Dataset extract section start
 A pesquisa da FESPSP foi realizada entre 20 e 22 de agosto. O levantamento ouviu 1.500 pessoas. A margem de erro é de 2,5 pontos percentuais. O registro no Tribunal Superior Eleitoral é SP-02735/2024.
Dataset extract section end
Dataset extract section start
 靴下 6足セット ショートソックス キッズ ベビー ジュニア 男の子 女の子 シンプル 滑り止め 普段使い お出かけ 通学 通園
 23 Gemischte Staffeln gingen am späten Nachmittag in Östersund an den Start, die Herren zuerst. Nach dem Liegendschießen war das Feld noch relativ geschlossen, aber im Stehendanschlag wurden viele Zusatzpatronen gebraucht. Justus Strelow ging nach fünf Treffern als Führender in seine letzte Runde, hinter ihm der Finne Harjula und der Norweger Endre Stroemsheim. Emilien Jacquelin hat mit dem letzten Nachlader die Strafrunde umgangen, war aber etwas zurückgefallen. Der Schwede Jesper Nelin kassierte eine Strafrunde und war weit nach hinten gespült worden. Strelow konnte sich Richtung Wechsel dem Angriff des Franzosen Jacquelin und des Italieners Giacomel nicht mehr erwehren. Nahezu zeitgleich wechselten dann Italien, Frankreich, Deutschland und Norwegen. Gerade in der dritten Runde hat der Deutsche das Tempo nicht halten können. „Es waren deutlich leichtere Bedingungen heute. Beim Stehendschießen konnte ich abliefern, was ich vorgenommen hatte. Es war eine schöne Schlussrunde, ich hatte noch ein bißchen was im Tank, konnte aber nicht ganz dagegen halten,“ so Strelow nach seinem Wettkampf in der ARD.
Dataset extract section end
◆ What the task asks
Keep both end lines and retype everything in the records above from the line containing "靴下 6足セット ショートソックス" through the line containing "23 Gemischte Staffeln", exactly, with nothing else.

◆ Exercise solution
 靴下 6足セット ショートソックス キッズ ベビー ジュニア 男の子 女の子 シンプル 滑り止め 普段使い お出かけ 通学 通園
 23 Gemischte Staffeln gingen am späten Nachmittag in Östersund an den Start, die Herren zuerst. Nach dem Liegendschießen war das Feld noch relativ geschlossen, aber im Stehendanschlag wurden viele Zusatzpatronen gebraucht. Justus Strelow ging nach fünf Treffern als Führender in seine letzte Runde, hinter ihm der Finne Harjula und der Norweger Endre Stroemsheim. Emilien Jacquelin hat mit dem letzten Nachlader die Strafrunde umgangen, war aber etwas zurückgefallen. Der Schwede Jesper Nelin kassierte eine Strafrunde und war weit nach hinten gespült worden. Strelow konnte sich Richtung Wechsel dem Angriff des Franzosen Jacquelin und des Italieners Giacomel nicht mehr erwehren. Nahezu zeitgleich wechselten dann Italien, Frankreich, Deutschland und Norwegen. Gerade in der dritten Runde hat der Deutsche das Tempo nicht halten können. „Es waren deutlich leichtere Bedingungen heute. Beim Stehendschießen konnte ich abliefern, was ich vorgenommen hatte. Es war eine schöne Schlussrunde, ich hatte noch ein bißchen was im Tank, konnte aber nicht ganz dagegen halten,“ so Strelow nach seinem Wettkampf in der ARD.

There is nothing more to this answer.